We make choices unconsciously because we don’t know any better. There isn’t a course in school called, “Live Your Passion 101.” Your parents, doing what parents do, probably encouraged you to follow a practical and financially lucrative path. (I see myself doing this with my own nearly-grown children at times, and I have to check myself.)
Society, the media, your friends, and your co-workers send you messages every day that distract you from what you really want or from even considering it as a possibility.
We are encouraged at nearly every turn to follow the status quo, do what’s “expected”, play it safe, follow the money, and for God’s sake, don’t upset the apple cart. So it’s hardly your fault that you have no idea how to respond to the longing you feel inside.
But . . . you are smart enough to learn how now. And as I mentioned before, everything you need is at your disposal. As Dr. Seuss says so eloquently, “You have brains in your head. You have feet in your shoes. You can steer yourself any direction you choose. You’re on your own. And you know what you know. And YOU are the one who’ll decide where to go…”
For today, right now, I will spin you around three times and set you on the course to figuring out what on Earth your passion might be. Here are some tools to use on your path:
Understand that what you are seeking is inside of you, waiting to be uncovered. It isn’t something outside of you that will land in your lap or fall from the sky. Your passion is part of who you are as an individual. It may be buried under all of your preconceived ideas, limiting beliefs, fears, expectations, and confusion — but it IS there.
It takes time to uncover your passion. And even more time once you find it to figure out a way to make it real in your life. You can’t “dabble” in trying to find it. You have to make a real commitment. It’s called self-work. That’s why people take courses, go to coaches and counselors, take assessments, and generally expend energy to figure themselves out. You can’t do that if you don’t make the time for it. I’m talking at least a couple of hours a week. Can you give yourself that gift of time?
You must be willing to be brutally honest with yourself about how you feel, what isn’t working in your life, the things you fear, the people holding you back, the beliefs that no longer serve you, the lies you’ve been telling yourself. What’s the point of seeking your passion if you are only going to sabotage it with pretense and lies?
Traveling the path to your passion IS taking a step into the unknown. It is taking a risk with no guarantees. If you think there’s a way to make positive change without taking risk, you are wrong. I’m sorry, but that’s the truth of it. Risk is inherent in this process, so you must own it, do your best to minimize it, and have the courage to take the leap of faith when the time comes. Doing thing that scares you is a prerequisite for finding and living your passion. But here’s the good news: rarely do your fears materialize.

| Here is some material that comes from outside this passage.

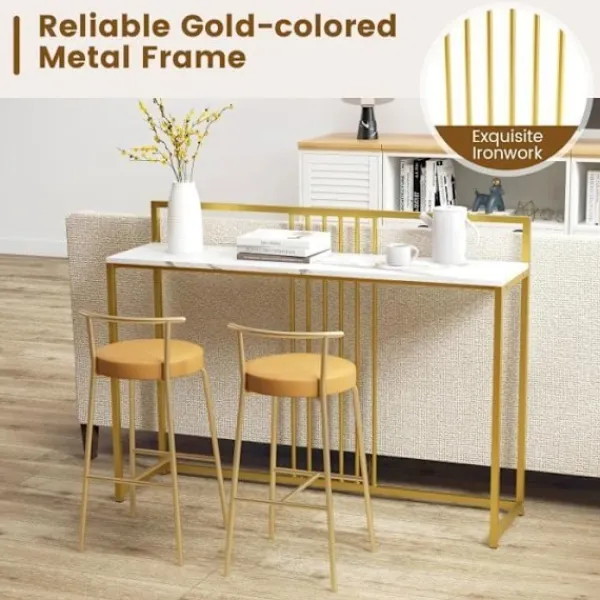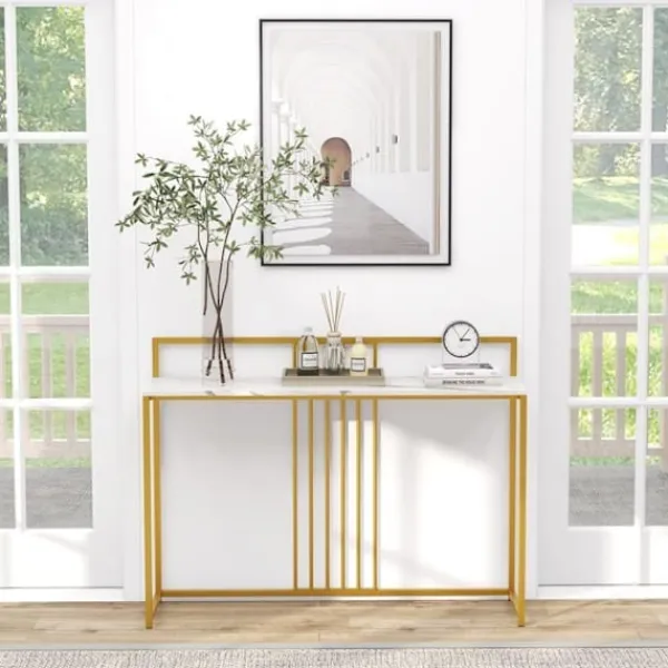 Denna COSTWAY-konsol består av en metallram i guld och en topp med marmortryck. Den är lämplig för vardagsrum, matsal eller entré. Fötterna har plastglidar för att skydda golvet. Brickans viktkapacitet är 20 kg. Mått: 120 x 32,5 x 88 cm (L x B x H).
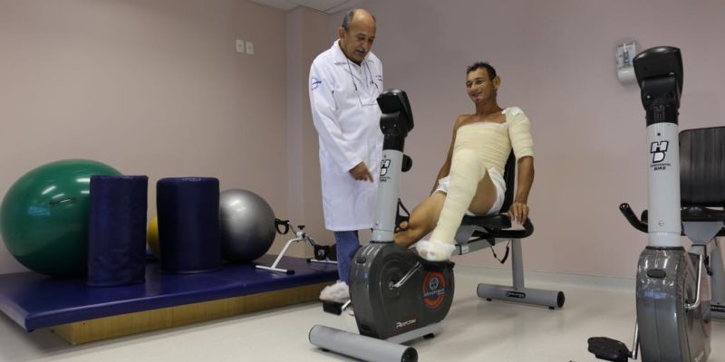 Um diferencial do CTQ do HPS 28 de Agosto, conforme explica o diretor da unidade, são as técnicas de reabilitação, como a cinesioterapia (terapia pelo movimento), que têm a finalidade de diminuir o grau de sequelas. “É pioneiro na Amazônia Ocidental”, ressalta. A cinesioterapia, considerada uma das etapas mais importantes do tratamento, os queimados são submetidos a exercícios físicos específicos, destinados a prevenir, eliminar ou diminuir sequelas.

Finding your passion is like an archaeology project. You must separate your life into various grids and carefully dig around to see what’s there. You’ll examine what you find, keeping some things and tossing others. You may need to chip through debris and get your hands dirty. You may need to reconstruct some things or reexamine others in a different light. Doing the job properly involves a commitment to it. Finding your passion should BE your passion for the time being. Your commitment and patience will be rewarded with something precious and valuable in the end.
If you feeling the calling and longing for something more but have no idea what on Earth your passion might be, don’t ignore the call or give up after a few attempts. Make finding your passion the most passionate project of your lifetime. Commit yourself to it, heart and soul, with the faith that it is already there, just waiting for you to arrive.